🤖 AI Summary
Existing PPT understanding benchmarks focus narrowly on isolated subtasks, overlooking the core challenge of joint visual-structural reasoning centered on layout. To address this gap, we introduce PPTBench—the first multimodal benchmark for PowerPoint layout and design understanding—constructed from 958 real-world PPTX files and comprising 4,439 samples with both visual inputs and JSON-structured annotations across four task categories: detection, comprehension, modification, and generation. Through systematic evaluation of state-of-the-art multimodal large language models (MLLMs), we uncover critical deficiencies in spatial relation modeling, precise element localization, and visual-semantic alignment—manifesting as misalignment and overlapping predictions—and demonstrate a strong correlation between layout-aware capability and API planning performance.

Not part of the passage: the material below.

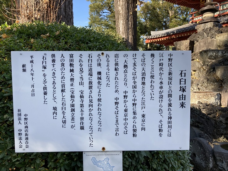 中野区と新宿区との間を流れる神田川には江戸時代から水車が設けられて、そば粉を挽くことに使われていた。そばの一大消費地となった江戸・東京に向けて玄そばが全国から中野に集められ製粉の大拠点となり、中野から東京中のそば店に供給されたため、中野そばとまで言われるようになつた。その後、機械化により使われなくなった石臼は道端に放置され見向かれなくなっていった。それを見て当山、宝仙寺第五十世住職富田コウ(”學攴”が一字になった漢字)純大僧正(宝仙学園創立者)が、人の食のために貢献した石臼を大切に供養すべきであるとして、境内に「石臼塚」を立て供養した。

This work fills a fundamental void in structured visual reasoning evaluation for slide-based content and establishes a new benchmark and analytical framework for joint visual-structural modeling.
📝 Abstract
PowerPoint presentations combine rich textual content with structured visual layouts, making them a natural testbed for evaluating the multimodal reasoning and layout understanding abilities of modern MLLMs. However, existing benchmarks focus solely on narrow subtasks while overlooking layout-centric challenges, which are central to real-world slide creation and editing. To bridge this gap, we introduce PPTBench, a comprehensive multimodal benchmark for evaluating LLMs on PowerPoint-related tasks. Leveraging a diverse source of 958 PPTX files, PPTBench evaluates models across four categories with 4,439 samples, including Detection, Understanding, Modification, and Generation. Our experiments reveal a substantial gap between semantic understanding and visual-layout reasoning in current MLLMs: models can interpret slide content but fail to produce coherent spatial arrangements. Ablation and further analysis show that current MLLMs struggle to combine visual cues with JSON-based layout structures and fail to integrate visual information into their API planning ability. And case studies visually expose systematic layout errors such as misalignment and element overlap. These findings provides a new perspective on evaluating VLLMs in PPT scenarios, highlighting challenges and directions for future research on visual-structural reasoning and coherent slide generation. All datasets and code are fully released to support reproducibility and future research.